#### Exercise data
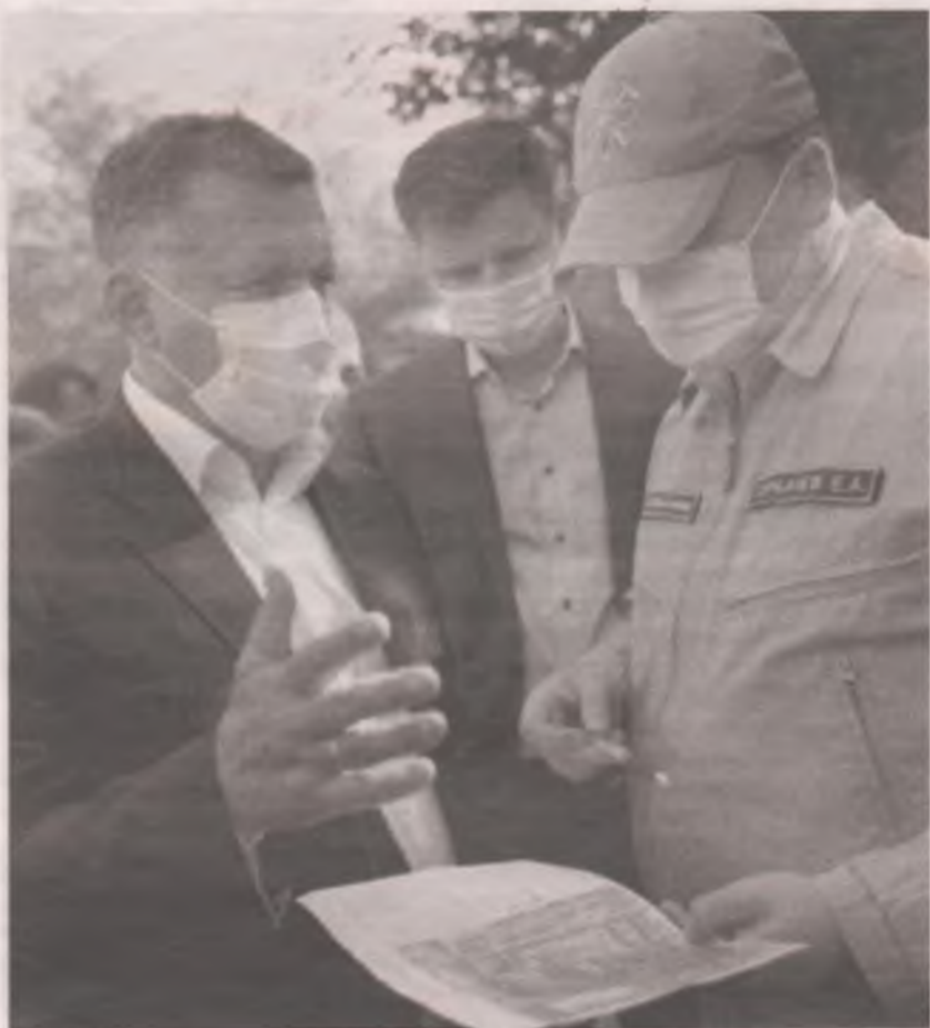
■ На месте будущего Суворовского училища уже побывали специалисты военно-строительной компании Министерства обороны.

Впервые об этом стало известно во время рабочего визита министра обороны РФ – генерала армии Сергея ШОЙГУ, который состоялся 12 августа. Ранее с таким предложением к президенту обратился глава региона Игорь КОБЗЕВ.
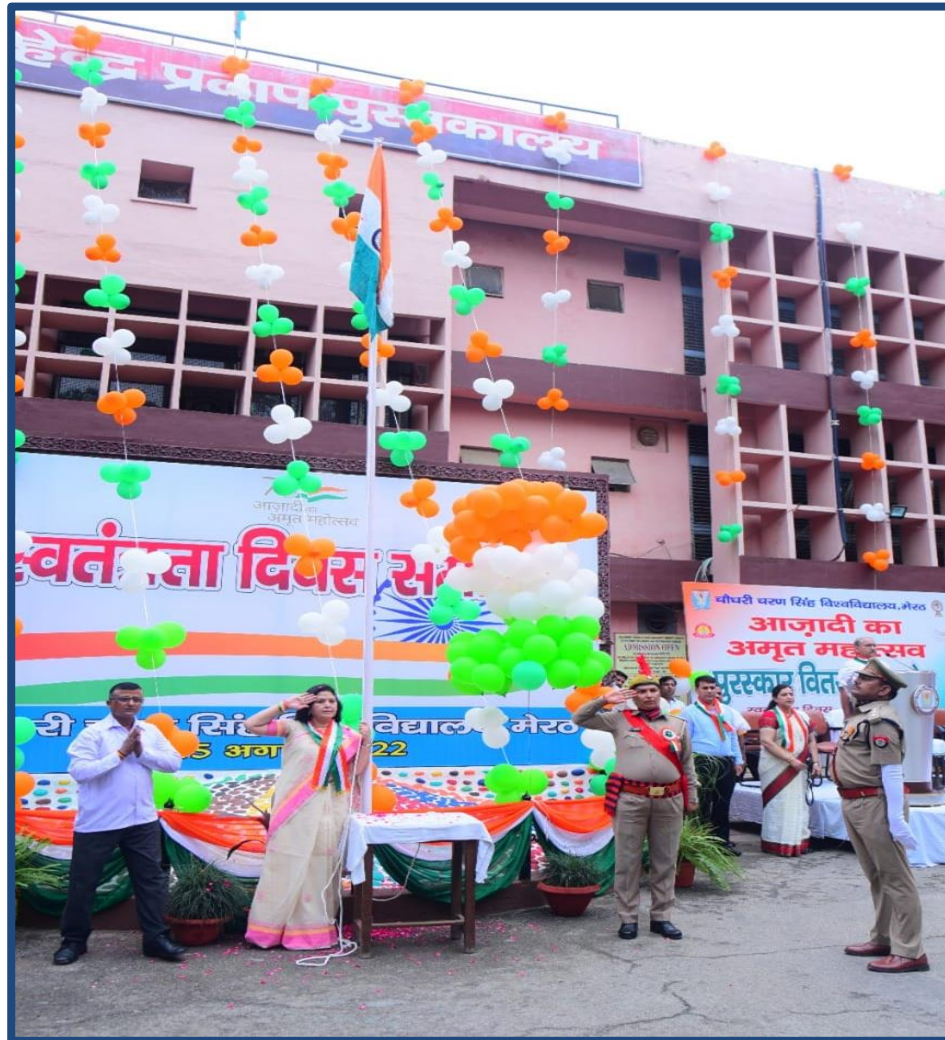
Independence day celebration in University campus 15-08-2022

#### Exercise goal
Please reproduce each line of the listing above exactly, skipping pictures.

#### Answer below
■ На месте будущего Суворовского училища уже побывали специалисты военно-строительной компании Министерства обороны.

Впервые об этом стало известно во время рабочего визита министра обороны РФ – генерала армии Сергея ШОЙГУ, который состоялся 12 августа. Ранее с таким предложением к президенту обратился глава региона Игорь КОБЗЕВ.
Independence day celebration in University campus 15-08-2022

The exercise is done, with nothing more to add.